2015-02-10 17:32 GMT+01:00 Zsolt Tóth toth.zsolt@gmail.com:

 Hi,

 I'm using Spark in yarn-cluster mode and submit the jobs programmatically
 from the client in Java. I ran into a few issues when tried to set the
 resource allocation properties.

 1. It looks like setting spark.executor.memory, spark.executor.cores and
 spark.executor.instances have no effect because ClientArguments checks only
 for the command line arguments (--num-executors, --executors cores, etc.).
 Is it possible to use the properties in yarn-cluster mode instead of the
 command line arguments?

 2. My nodes have 5GB memory but when I set --executor-memory to 4g
 (overhead 384m), I get the exception that the required executor memory is
 above the max threshold of this cluster.
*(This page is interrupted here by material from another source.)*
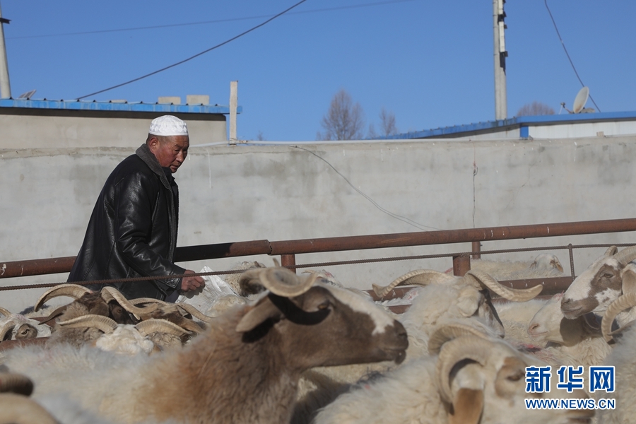 青海省海南藏族自治州共和縣興隆肉羊養(yǎng)殖專(zhuān)業(yè)合作社負(fù)責(zé)人馬生海在喂羊(1月28日攝)。新華社記者 趙玉和 攝

It looks like this threshold is
 the value of the yarn.scheduler.maximum-allocation-mb property. Is that
 correct?

 Thanks,
 Zsolt



Resource allocation in yarn-cluster mode

2015-02-10 Thread Zsolt Tóth
Hi,

I'm using Spark in yarn-cluster mode and submit the jobs programmatically
from the client in Java. I ran into a few issues when tried to set the
resource allocation properties.

1. It looks like setting spark.executor.memory, spark.executor.cores and
spark.executor.instances have no effect because ClientArguments checks only
for the command line arguments (--num-executors, --executors cores, etc.).
Is it possible to use the properties in yarn-cluster mode instead of the
command line arguments?

2. My nodes have 5GB memory but when I set --executor-memory to 4g
(overhead 384m), I get the exception that the required executor memory is
above the max threshold of this cluster. It looks like this threshold is
the value of the yarn.scheduler.maximum-allocation-mb property. Is that
correct?

Thanks,
Zsolt